**Directions for this task**
Skip all pictures. Write out the data below from its first line through the line that contains "CANNES – Cate".

Dataset items:
+ + +

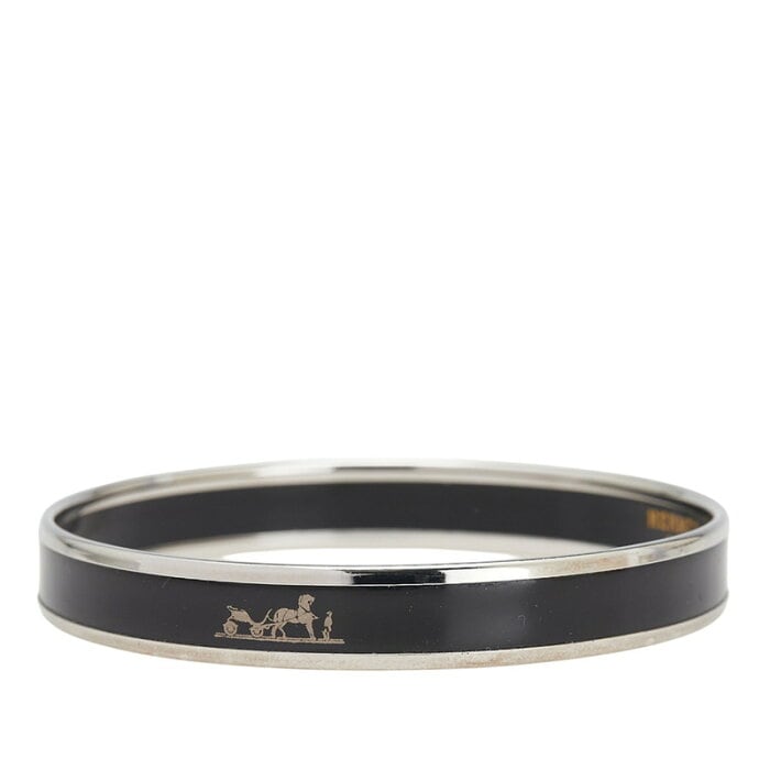 エルメス エマイユPM 馬車 ロゴ バングル シルバー ブラック メタル レディース HERMES 【中古】
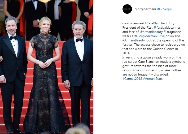 CANNES – Cate Blanchett incanta in Armani sul red carpet del Festival di Cannes 2018, edizione numero 71. L’attrice è presidente di giuria quest’anno e ha già dato prova del suo fascino magnetico. Per la prima serata ha indossato un abito nero, già sfoggiato nel 2014, ai Golden Globe.
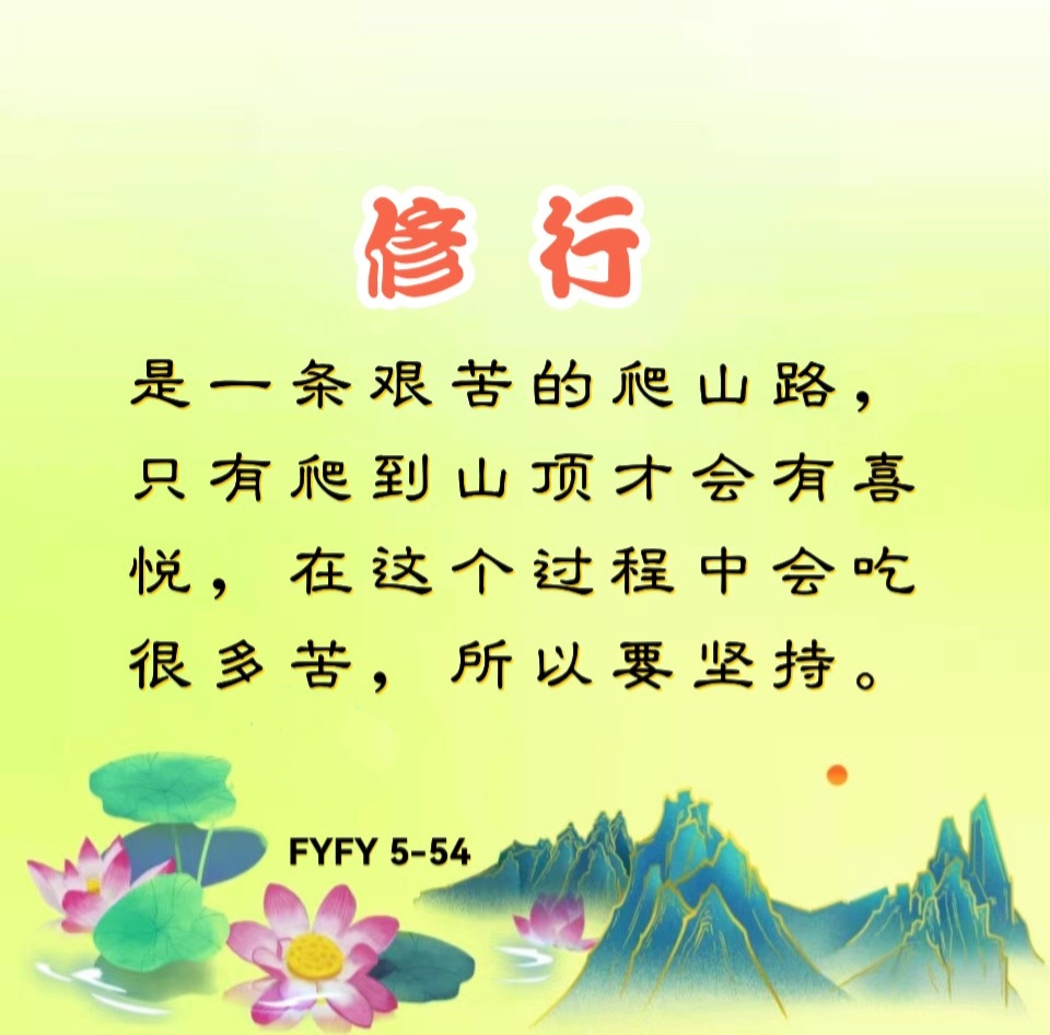 修行是一条艰苦的爬山路,只有爬到山顶才会有喜悦,在这个过程中会吃很多苦,所以要坚持。
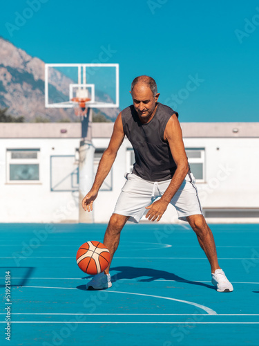 Fototapeta premium Portrait of Turkish Cypriot elderly athletic man having fun playing basketball with a cute dog jack russel terrier on blue color playground outdoor at summer sunny day
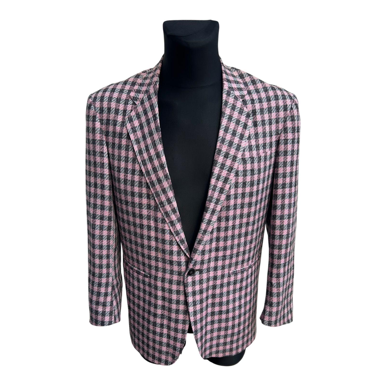Chil Out by Four Forty Sakko Herren Gr 52 Rosa Grau Karo Wollmischung Vintage Elegant
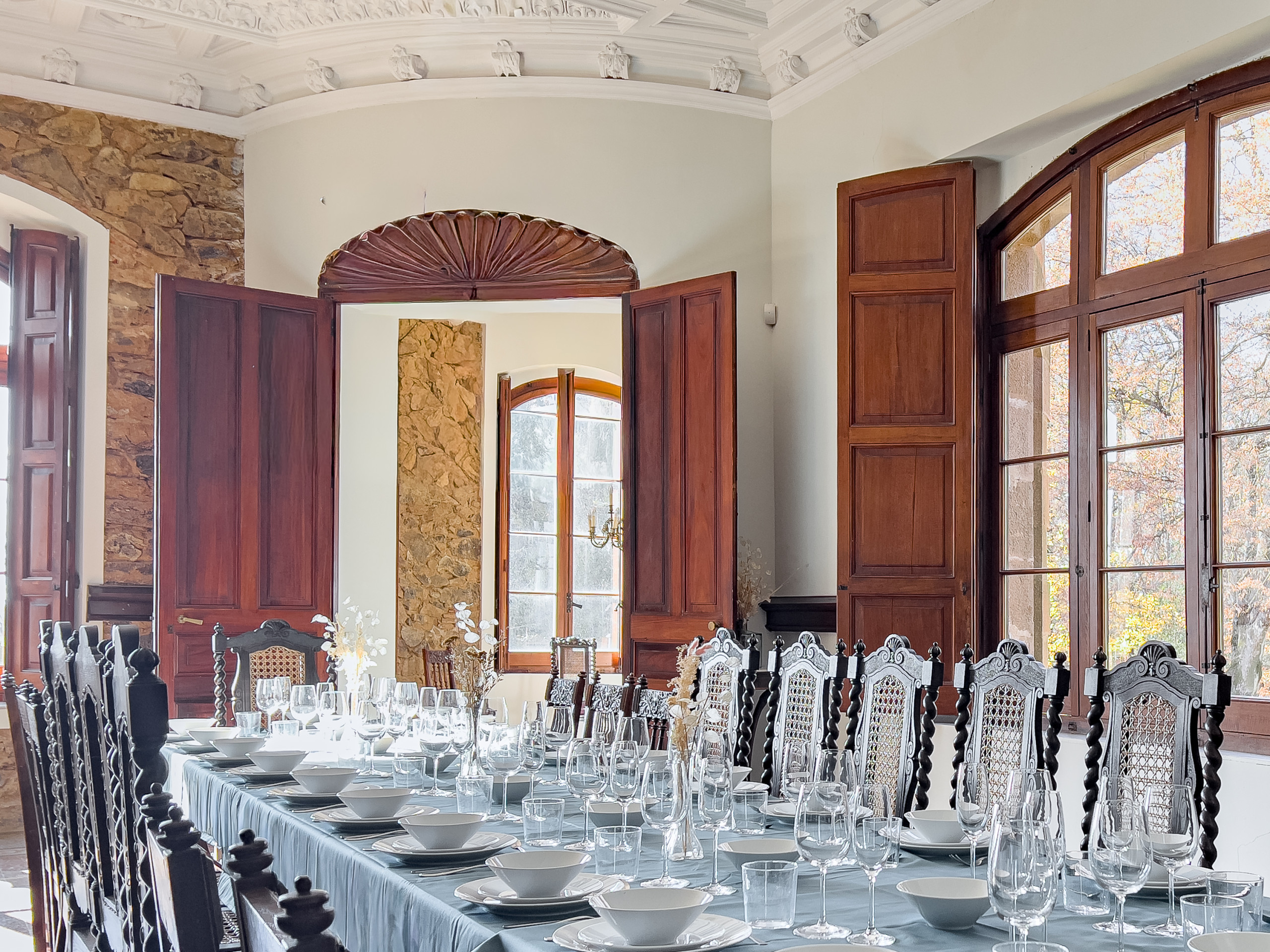 La finca completa — castillo, masoveria, jardines, piscina y todos los espacios exteriores — está exclusivamente a su disposición durante su estancia — uso exclusivo, sin otros huéspedes ni propietarios en el terreno. Nunca se reciben varios grupos simultáneamente y los propietarios no residen en la finca.

+ + +

**Response to this exercise**
 エルメス エマイユPM 馬車 ロゴ バングル シルバー ブラック メタル レディース HERMES 【中古】
 CANNES – Cate Blanchett incanta in Armani sul red carpet del Festival di Cannes 2018, edizione numero 71. L’attrice è presidente di giuria quest’anno e ha già dato prova del suo fascino magnetico. Per la prima serata ha indossato un abito nero, già sfoggiato nel 2014, ai Golden Globe.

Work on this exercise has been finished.